Additionally, MDC personnel work closely and proactively with the 
National Resources Conservation Service (NRCS) and the Service's 
Partners for Fish and Wildlife Program to initiate management and 
maintenance actions on privately owned fens occupied by the Hine's 
emerald dragonfly that benefit the species and alleviate potential 
threats.
    One site on private property in Missouri is owned and managed by 
The

[[Page 51107]]

Nature Conservancy through the implementation of a site-specific plan 
(The Nature Conservancy 2006, pp. 1-4) that maintains fen habitat. One 
site under private ownership is a designated State Natural Area that is 
managed by the MDC through a site-specific plan (Missouri Natural Areas 
Committee 2007). This plan ensures that the integrity of the fen is 
maintained (Missouri Natural Areas Committee 2007). However, at this 
time there are no conservation plans in place for Illinois Units 1 and 
2 that would guide the implementation of similar measures. In addition, 
Illinois Unit 1 is a publicly owned site.

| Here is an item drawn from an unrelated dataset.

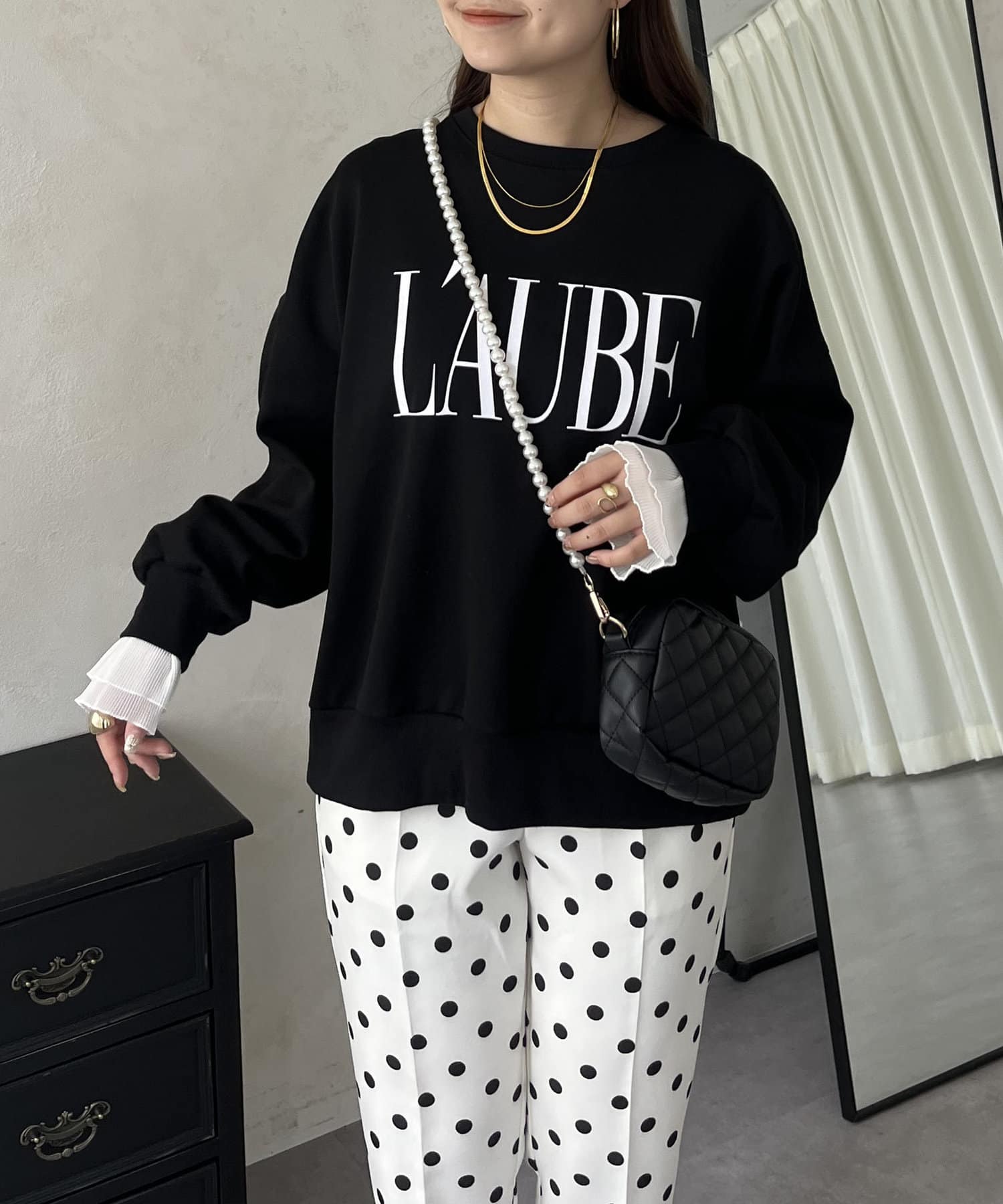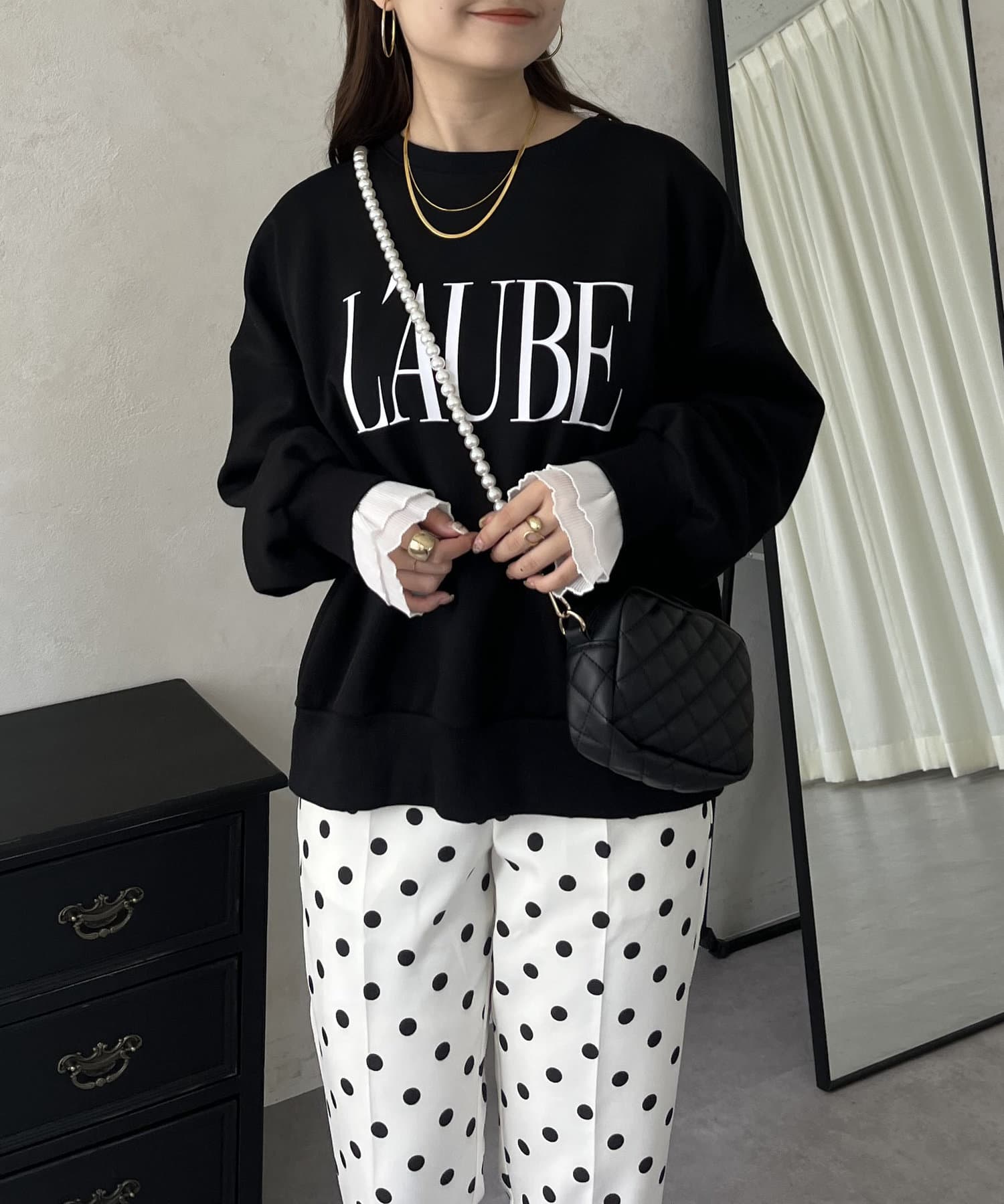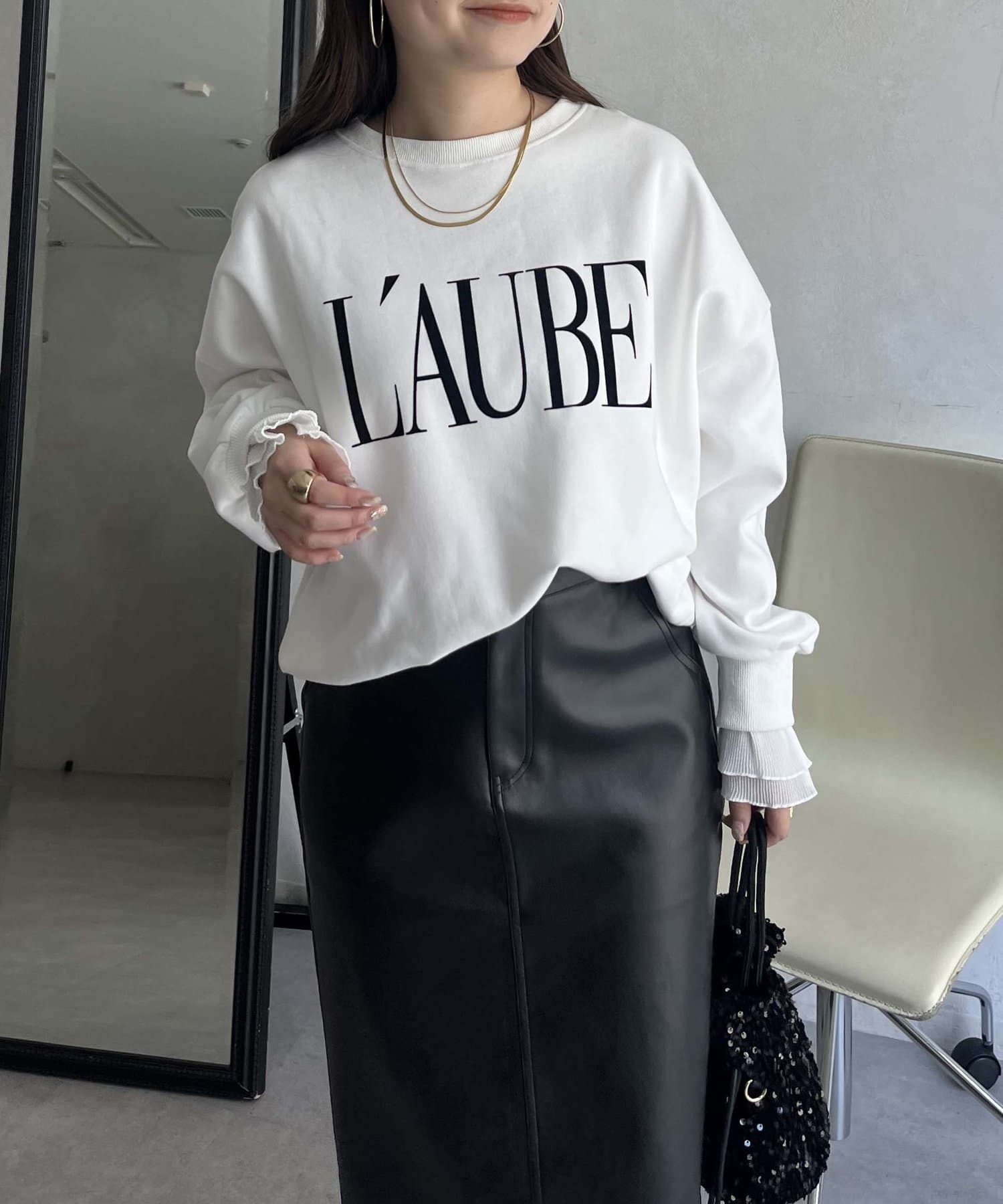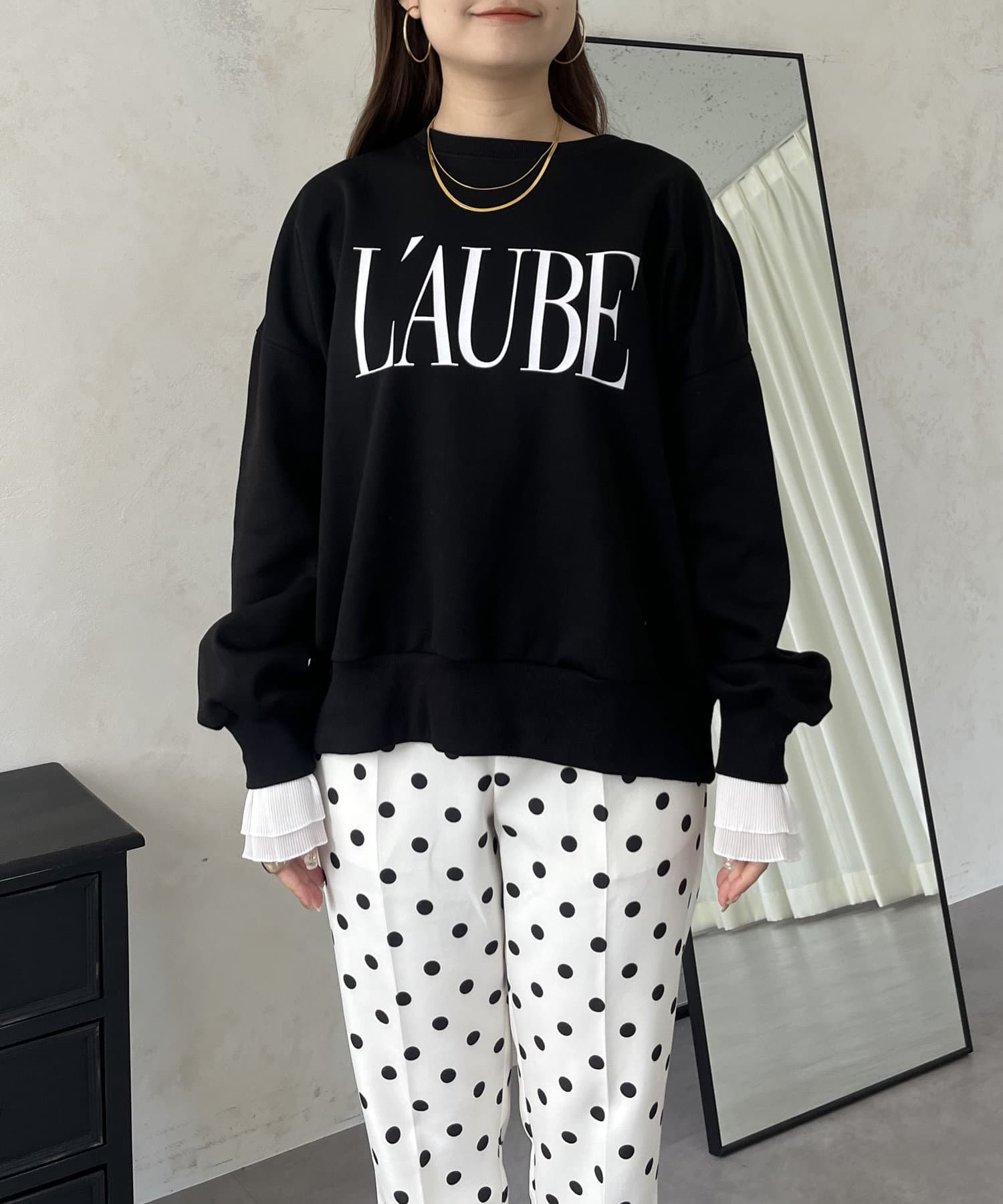 【L'AUBE】プリーツフリルスリーブロゴトップス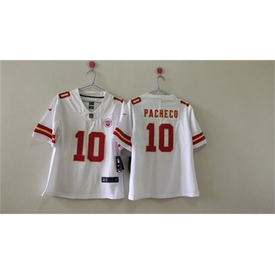 >Women's Kansas City Chiefs #10 Isiah Pacheco White Vapor Untouchable Limited Stitched Jersey(Run Small)

    (3J) Comment: One commenter was concerned with the exclusion of 
large areas of lands in Michigan and Missouri based solely on the 
existence of management plans. The commenter suggested that given the 
uncertainties surrounding funding and implementation, the Service 
should consider designating these areas. Another commenter opposed 
exclusion of Michigan Units because the Hine's emerald dragonfly is 
mobile, and designation of all possible habitat areas is necessary to 
support increased numbers of the species. Furthermore, the commenter 
suggested that, by excluding critical habitat areas, we spent more time 
and money on the designation process.
    Our response: While available funding will likely impact the amount 
of Hine's emerald dragonfly conservation work that occurs in any one 
year, we are confident that the Forest Service will continue to place a 
high emphasis and priority on their obligation to contribute to the 
conservation of the species. In addition, State land management 
agencies in Missouri are committed to the implementation of recovery 
actions outlined in their management plans. Because of this commitment, 
land management agencies in Missouri and Michigan are already actively 
implementing conservation actions for the Hine's emerald dragonfly and 
fen habitat. The designation of critical habitat would not influence 
them to act more proactively.
    In evaluating which areas to exclude, we requested and reviewed 
management plans and other relevant information. This analysis was 
conducted for all of the Hine's emerald dragonfly habitat areas we 
identified as meeting the definition of critical habitat. For excluded 
units, more time was spent on reviewing pertinent information, 
addressing public comments, and incorporating public input than for 
designated critical habitat units. This, however, was not due to the 
exclusion process, but rather to the amount of pertinent information 
available for these units (Forest Service Land and Resource Management 
Plans, other management plans, etc.) and the large number of public 
comments associated with exclusion. The evaluation and incorporation of 
relevant information and public comment was a necessary part of our 
critical habitat designation.
Issue 4: Economic Issues
    (4A) Comment: The proposed critical habitat rule states that ``[t]o 
the extent that designation of critical habitat provides protection, 
that protection can come at significant social and economic cost'' (71 
FR 42443). Two commenters contend that there is no evidence that 
``social or economic'' costs apply to the Hine's emerald dragonfly 
critical habitat designation and that some private landowners have 
recognized that critical habitat designation poses no social or 
economic threat. Furthermore, the economic and social benefits of 
critical habitat designation are ignored.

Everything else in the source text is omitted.